Will prolotherapy increase my inflammation?
Regarding inflammation, your body is already chronically inflamed. It needs to finish the healing process by resting and potentially utilizing controlled proliferative shots to bring the attention of the growth factors, cytokines, oxygen, and overall blood flow to the precise points of injury in the ligaments and tendons. This healing process may shift the chronic inflammation to an acute state as the body heals. That’s why some patients feel more pain for a few days (or longer) after the initial prolotherapy shots.
You will likely want to rest for 2 days after each series of shots, doing light activities with minimal lifting or any kind of extreme sports. Then you need to go easy over the course of the next 2-4 months as your back heals. The level of activity varies for each person. It is you that heals your back ultimately…the same way you heal any other injury.
Will prolotherapy lock up my back muscles?
A common reason your back muscles get chronically tight and may not function properly (“lock up”) is likely because of the damaged ligaments, which have become more like rubber bands or frayed ropes, than the cables that they should be. Without rest, your ligaments may get worse. Think of it like this: Your back is like a suspension bridge (eg Golden Gate Bridge). The hardware of the bridge are the bones along with some of the cushioning of the discs. The software of the bridge are the muscles, tendons, and ligaments. The muscles are backup support and for extreme activities (like skiing, or running, etc). Otherwise, the ligaments with some tendons do most of the work. If they fail, the bridge (your hardware and software) starts to swing and more pressure gets put on the discs and the muscles fire more frequently. Then your discs may herniate or first bulge and then herniate. Physical therapy is great to help you recover but over-strengthening and stretching the muscles before you’ve healed the ligaments usually is just a band-aid or at worse, more damaging than good. Trying to make these overworked muscles fire more than they want to is just asking for more injury.
Prolotherapy works by stimulating your body’s natural ability to heal the ligaments and tendons which ultimately will allow your muscles to relax. Your bridge is no longer swinging the wind and the muscles will only need to tighten down on those moments when you are catching big air on your mountain bike or snowboard or maybe just running up and down your favorite trail.

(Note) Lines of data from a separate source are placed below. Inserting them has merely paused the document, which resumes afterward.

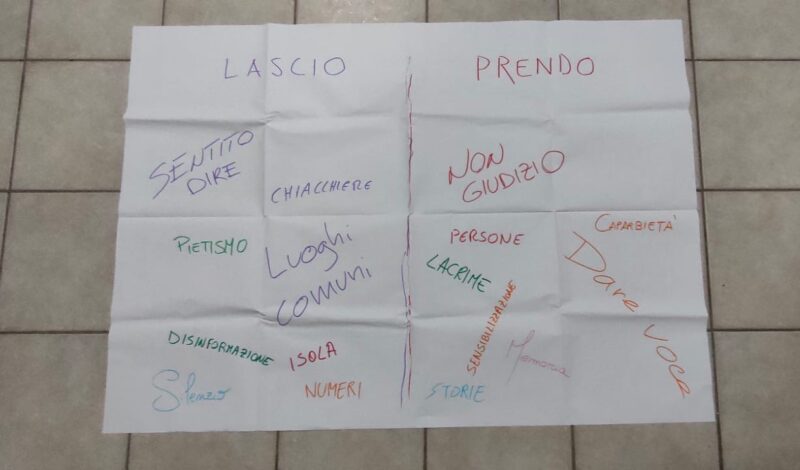 Nel cuore di questo quinto giorno due sono le esperienze che ci hanno particolarmente segnato. La prima è stata quella di provare ad avvicinarci a piedi all’hotspot, pur sapendo che sarebbe stato impossibile entrarvi. Una volta giunti davanti al cancello non abbiamo potuto fare altro che tentare di scorgere qualcosa dalle recinzioni, ed essere riusciti anche solo ad udire le voci di chi vi si trova all’interno è stato per noi tutti significativo.
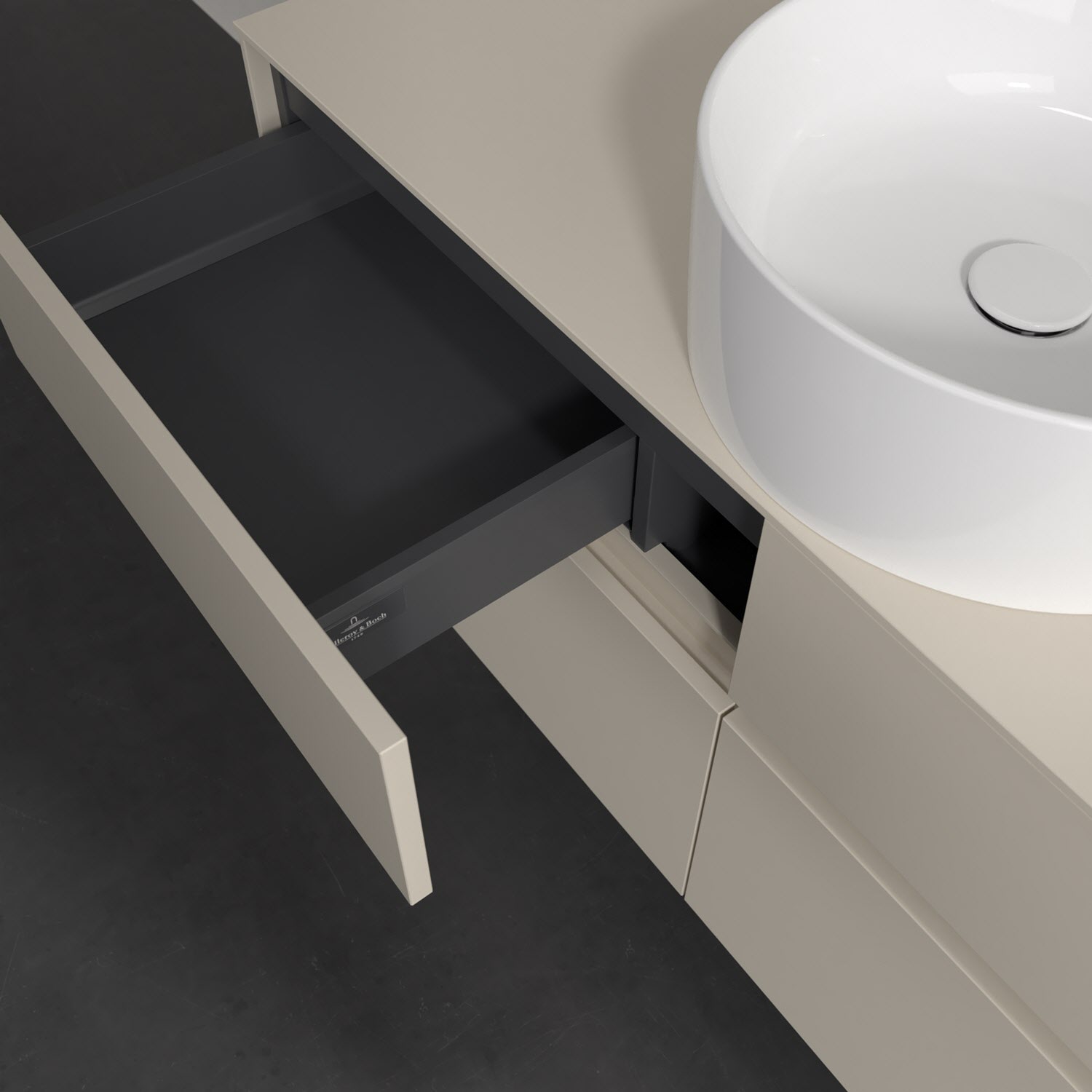 - kein Umfallen oder Verrutschen von Pflegeprodukten in den Schubladen dank rutschhemmendem Boden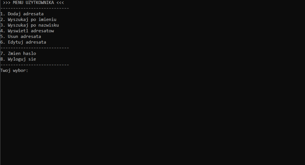 Jednym z moich projektów edukacyjnych w języku C++ była konsolowa aplikacja książki adresowej. Program pozwala na rejestrację użytkowników oraz zarządzanie kontaktami (tzw. adresatami). W tym wpisie opiszę funkcjonalność aplikacji, strukturę kodu, sposób organizacji klas oraz podejście obiektowe, jakie zastosowałem – łącznie z dziedziczeniem, kompozycją i zależnościami. Na końcu znajdziesz również diagram UML obrazujący strukturę klas.

Can the Injections be billed to my insurance company?
The prolotherapy injections are not billed to insurance because they are not covered by insurance, and we expect payment at the time of service. However, if an ultrasound is used or any other type of injections are used, those can be billed to insurance.
How much does prolotherapy cost?
The cost depends on the body area, complexity, and number of injections needed. Typical prolotherapy procedures range from $350-$700.